Name Flag Type Description Required? Max Values Default Value(s)
input i PathToFastq Input fastq file(s), optionally gzipped. Required Unlimited
sample-manifest s FilePath Sample manifest file. Required 1
output o DirPath Output directory Required 1
max-mismatches m Int Maximum mismatches allowed between expected and observed sample barcodes. Optional 1 2
min-distance d Int Minimum distance (in mismatches) between sample barcodes. Optional 1 2
min-quality q Int Minimum average quality of extracted bases from a read. Optional 1 20
min-uncut-reads u Int Minimum number of un-cut observations to keep a UMI/target. Optional 1 3
min-identical-fraction f Double Minimum fraction of reads for a UMI that must be identical. Optional 1 0.9
use-cut-samples-in-validation c Boolean Include cut samples when validating targets/umis. Optional 1 false
fixed-guide-length l Int Length if guides/targets were padded to a fixed length. Optional 1
threads t Int Number of threads to use. Optional 1 4

Sample Manifest Description

The sample manifest is a tab-delimited text file describing the samples to be analyzed. An example is provided in the example_data directory.

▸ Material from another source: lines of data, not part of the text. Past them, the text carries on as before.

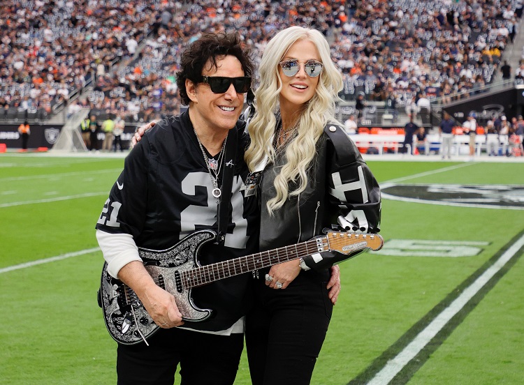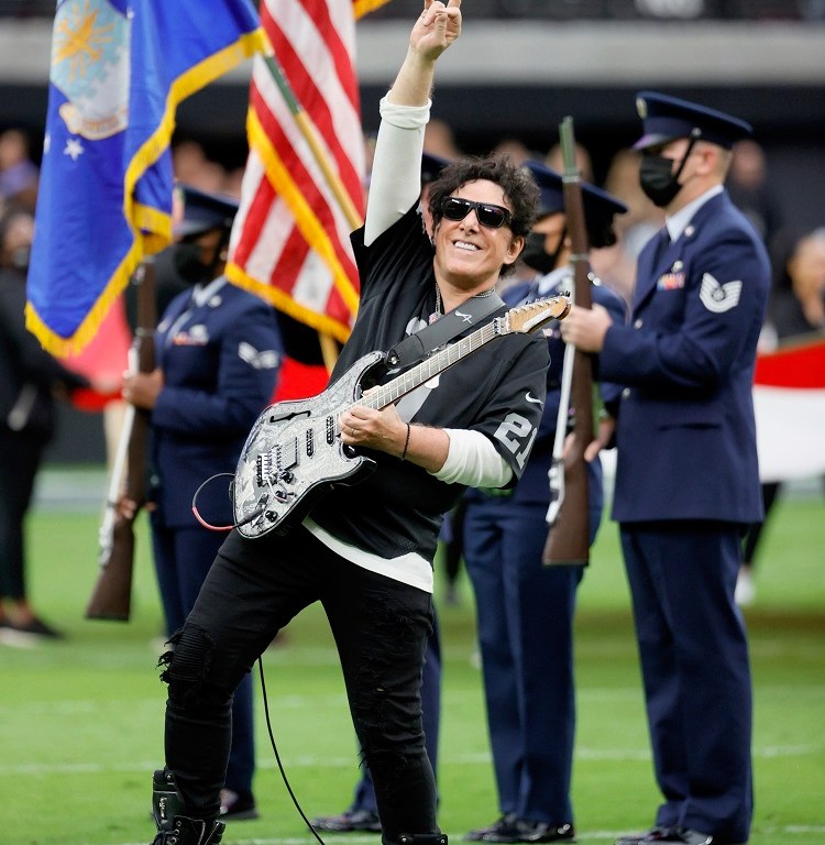 Football fans at the Las Vegas Raiders vs Chicago Bears NFL game at the Allegiant Stadium in Las Vegas, NV were supercharged, on Sunday, with a massive rendition of “The Star Spangled Banner” by iconic JOURNEY founder and guitar legend NEAL SCHON. Marking the first time that the “Star Spangled Banner” has been performed on electric guitar at the new stadium, SCHON’s performance, wielding his custom IHush Lady M Strat, pumped up the crowd for the exciting hometown match-up that saw the team’s first game with fans inside the stadium since the team moved to Las Vegas.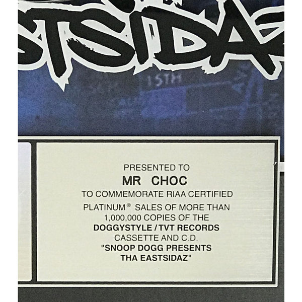 RIAA Platinum Album Award for Tha Eastsidez album Snoop Dogg Presents Tha Eastsidez. The album was released on Feb. 1, 2000 and by Oct. 11 that year was certified Platinum by the RIAA.*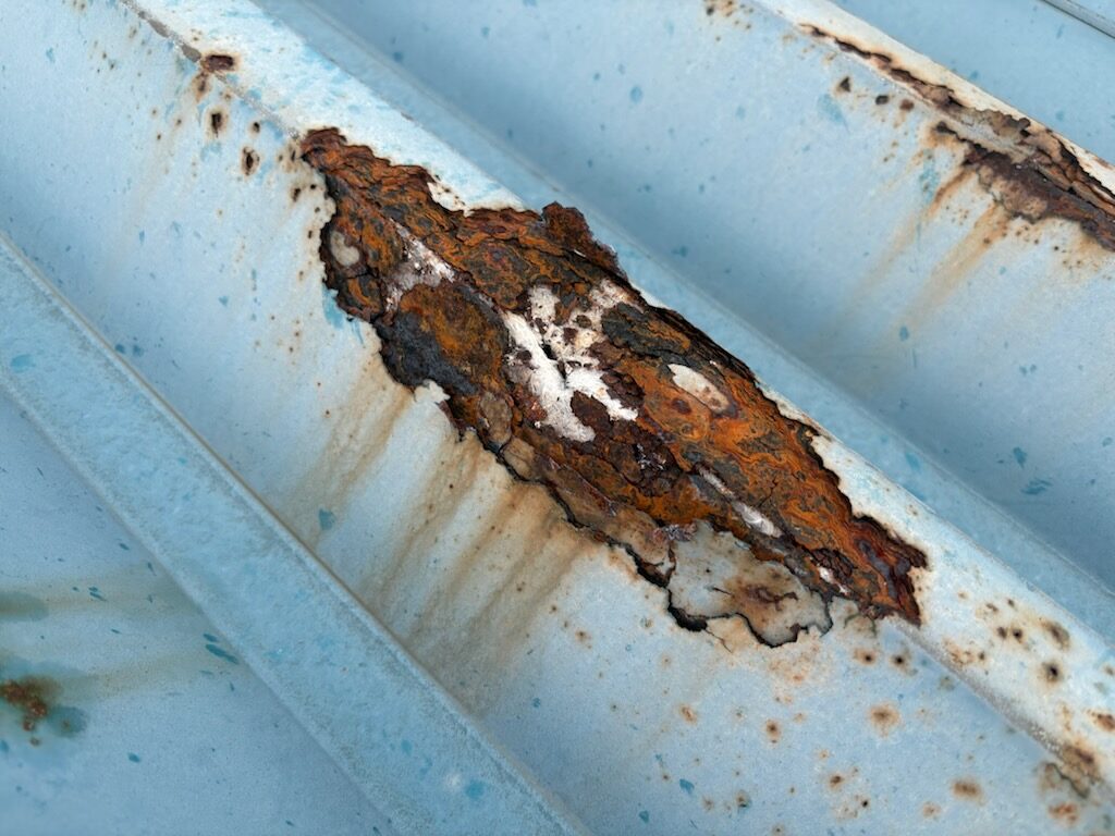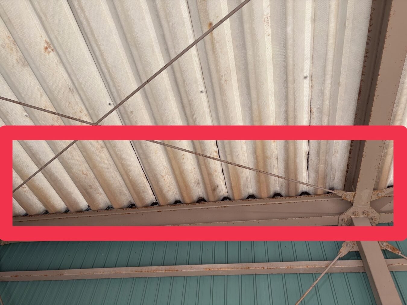 調査した所、原因は既存の折板屋根の裏面に貼られていた結露防止材(ペフ)が軒先で適切に処理されておらず、長年にわたり水分を含み続けてしまったことによる浸食だと考えられます。その影響で屋根材の劣化が進み、雨漏りにつながっていました。(赤枠で囲っているのがペフです)

column name description example value(s)
sample The name of the sample. Should be unique within the manifest. "s1", "control"
sample_barcode The molecular barcode associated with the sample. CACATACGCACTACG
guide The guide sequence associated with the sample. ATGATGTATGCGCTATACGTCA
enzyme The name of the enzyme used to cut. Cas9
pam The PAM sequence used in the assay. GGGAGT
cut Whether the sample is cut or an uncut control yes, no, true, false
off_target_file Optional path to a file of predicted off-target sequences. s1-off-target.txt

Off-Target File Description

The off-target file describes the predicted off-target sites for a guide. Off-target information is used solely to highlight predicted off-target sequences when plotting. The file should be in CSV format and should contain the following columns:

column name description example value(s)
loc The location of the off-target hit in the format chr:pos. chr1:1234567
off_target The genomic sequence at the off-target site. Must be only [ACGTagct]. ATGATcTATGCGCgAaACGTCA

Example Data

A small example data set is contained within the example_data directory. The example dataset can be processed using the following command:

java -jar target/scala-2.12/blt.jar AnalyzeExperiment \
  -i example_data/inputs/reads.fastq.gz \
  -s example_data/inputs/sample-manifest.txt \
  --fixed-guide-length=23 \
  -o example_analysis_outputs \
  --min-uncut-reads=1 \
  --use-cut-samples-in-validation=true 

The sample-manifest.txt contains relative paths to the off-target file(s); the command given above must be executed from the main project directory, or the paths in the manifest must be adjusted.

A set of outputs from running the above command on the example inputs is available in the example_data/outputs directory.